What is the polar double integral for a given solid?

[jwxie]

Homework Statement

Compute the indicated solid in POLAR COORDINATE using double integrals.

Below z = 4 - x^2 - y^2, z = x^2 + y^2, between y = x and y = 0.

Homework Equations

The Attempt at a Solution

First of all, the integrand is z = 4 - x^2-y^2 which in polar is 4 - r^2

The limit for the region D in polar is the intersections of y = x, y = 0 of the circle. To find that particular circle I think we have to solve the two z equations, which give us x^2 + y^2 = 2 in the end. This is a circle with radius 2

The limit of region D is 0 <= r <= sqrt(2), and for theta (i use x) is 0 <= x < pi/6
I am not sure whether pi/6 is really the intersecting point of y = x on the circle... Please cofirm that...

This will give us the double integrals
integral (0 to pi/6) integral (0 to sqrt(2) (4 - r^2)r dr d theta

I think this give us pi/2 which is right from the book. But the book only gave pi/2 there is no work shown so I can't tell whether my work is right or not.

Please tell me if I am wrong in the limit of integrations.
Thankyou.

 

[Raskolnikov]

Below z = 4 - x^2 - y^2, z = x^2 + y^2, between y = x and y = 0.

Are you sure it's not below z = 4 - r^2...and above z = r^2? Because It doesn't make much sense if it's below both.

First of all, the integrand is z = 4 - x^2-y^2 which in polar is 4 - r^2

mhmm...good so far.

The limit for the region D in polar is the intersections of y = x, y = 0 of the circle. To find that particular circle I think we have to solve the two z equations, which give us x^2 + y^2 = 2 in the end. This is a circle with radius 2

No, sorry this doesn't work. First of all, x^2 + y^2 = 2 is a circle with radius sqrt(2), not 2. Regardless of that, however, you are not finding your region D correctly. The region D is the bounded by the trace of the paraboloid z=4-r^2 onto the xy-plane; i.e., where z=0. Can you figure out what type of curve the paraboloid traces here?

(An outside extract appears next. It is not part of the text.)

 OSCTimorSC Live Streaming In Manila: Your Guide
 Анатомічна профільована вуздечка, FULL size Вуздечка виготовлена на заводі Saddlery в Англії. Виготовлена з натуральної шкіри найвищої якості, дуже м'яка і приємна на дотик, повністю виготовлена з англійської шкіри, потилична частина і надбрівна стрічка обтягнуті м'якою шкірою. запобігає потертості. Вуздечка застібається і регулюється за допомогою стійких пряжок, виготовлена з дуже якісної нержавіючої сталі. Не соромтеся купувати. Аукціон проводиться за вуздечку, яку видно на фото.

The limit of region D is 0 <= r <= sqrt(2), and for theta (i use x) is 0 <= x < pi/6
I am not sure whether pi/6 is really the intersecting point of y = x on the circle... Please cofirm that...

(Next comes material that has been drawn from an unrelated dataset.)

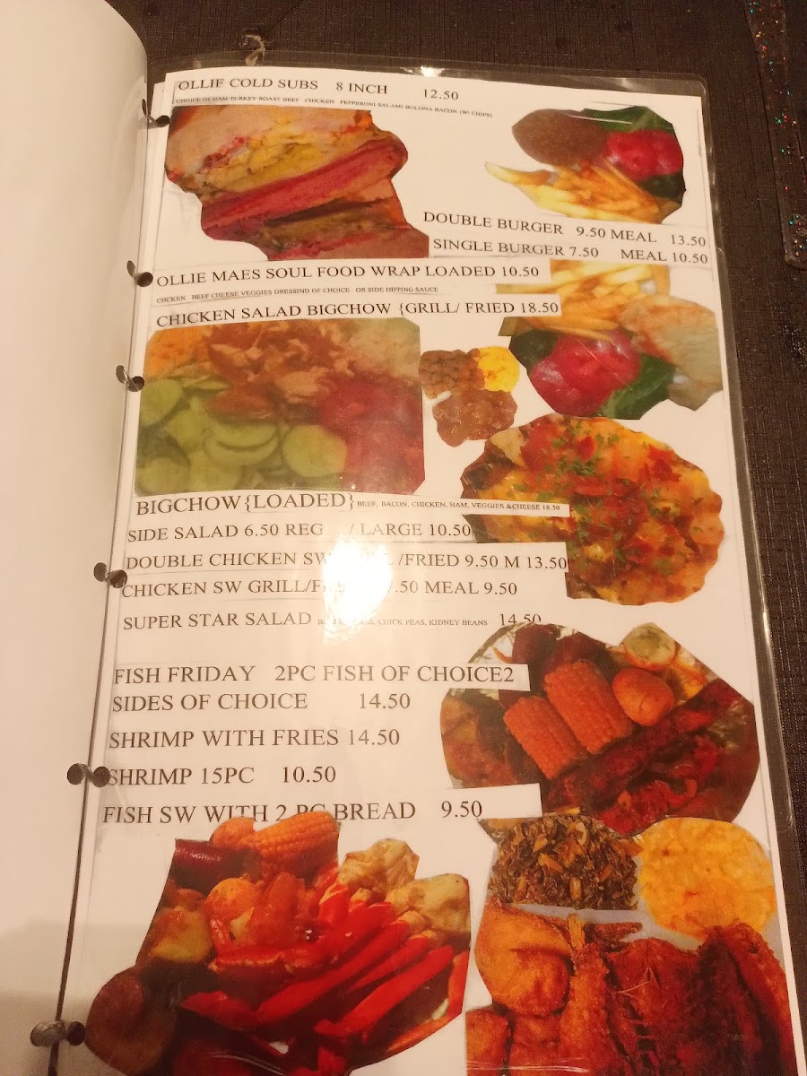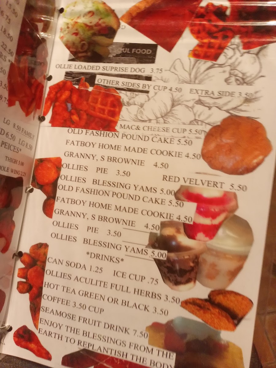 Filled with collard greens macaroni and cheese ,chicken or pork chop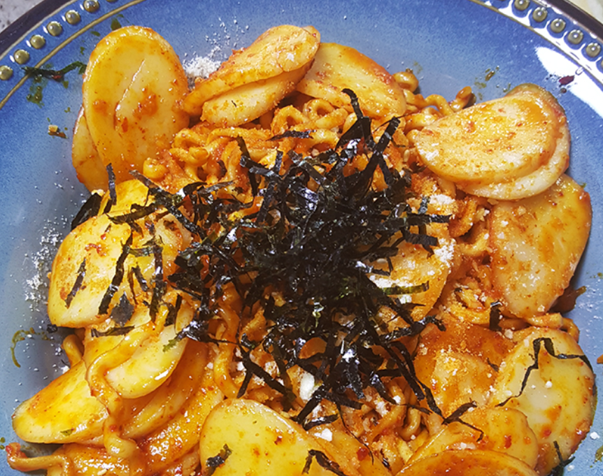 불닭볶음면에 다른 재료를 합쳐서 시너지 효과로 환상의 맛을 내는 조합 입니다.

This will give us the double integrals
integral (0 to pi/6) integral (0 to sqrt(2) (4 - r^2)r dr d theta

I think this give us pi/2 which is right from the book. But the book only gave pi/2 there is no work shown so I can't tell whether my work is right or not.

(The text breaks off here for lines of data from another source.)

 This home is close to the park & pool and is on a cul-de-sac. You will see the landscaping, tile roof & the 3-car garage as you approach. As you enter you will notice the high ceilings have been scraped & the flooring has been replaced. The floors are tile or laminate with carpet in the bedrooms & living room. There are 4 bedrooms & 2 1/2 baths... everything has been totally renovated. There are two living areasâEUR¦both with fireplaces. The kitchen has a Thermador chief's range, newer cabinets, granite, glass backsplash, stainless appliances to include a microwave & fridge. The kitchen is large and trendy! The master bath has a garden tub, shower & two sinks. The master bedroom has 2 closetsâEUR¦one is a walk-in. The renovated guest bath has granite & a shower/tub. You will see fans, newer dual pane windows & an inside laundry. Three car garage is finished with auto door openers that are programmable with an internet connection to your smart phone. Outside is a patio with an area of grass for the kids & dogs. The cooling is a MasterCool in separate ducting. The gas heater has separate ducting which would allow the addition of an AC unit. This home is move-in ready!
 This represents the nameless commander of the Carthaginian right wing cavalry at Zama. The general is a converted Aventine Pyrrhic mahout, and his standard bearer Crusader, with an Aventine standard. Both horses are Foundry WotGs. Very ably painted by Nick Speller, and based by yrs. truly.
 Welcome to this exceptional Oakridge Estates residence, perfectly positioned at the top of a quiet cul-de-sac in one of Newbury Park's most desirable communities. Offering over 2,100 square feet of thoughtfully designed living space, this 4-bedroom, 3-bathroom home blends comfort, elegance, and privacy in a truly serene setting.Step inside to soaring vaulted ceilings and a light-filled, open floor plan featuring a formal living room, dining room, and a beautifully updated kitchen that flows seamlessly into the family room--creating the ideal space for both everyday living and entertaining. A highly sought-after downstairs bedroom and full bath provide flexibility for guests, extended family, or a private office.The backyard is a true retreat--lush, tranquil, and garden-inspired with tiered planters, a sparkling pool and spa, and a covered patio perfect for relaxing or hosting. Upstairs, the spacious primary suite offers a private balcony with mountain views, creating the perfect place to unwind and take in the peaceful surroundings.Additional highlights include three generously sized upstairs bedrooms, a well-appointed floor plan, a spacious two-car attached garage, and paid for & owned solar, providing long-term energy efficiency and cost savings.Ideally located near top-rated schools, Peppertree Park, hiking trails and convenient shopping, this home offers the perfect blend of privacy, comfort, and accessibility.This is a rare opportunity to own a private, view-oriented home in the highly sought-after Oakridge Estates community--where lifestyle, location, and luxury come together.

Please tell me if I am wrong in the limit of integrations.
Thankyou.

The region D is pretty. The limits of r are from 0 to some integer (which I'll leave you to figure out from my notes above). The problem asks for the volume bounded by the two paraboloids between the planes y=x and y=0. You use these two equations to find the limits for theta. Once again, you look at the xy-plane where your region D lies. What is theta when y=0? What is theta when y=x? These two values become your limits for theta.

And, yes, the final answer is pi/2.

I hope this helps. Good luck.

 

[benorin]

Your integrand lacks the lower boundary, and the angle between y=0 and y=x is Pi/4. Fixing these gives Pi/2 as well, the correct answer.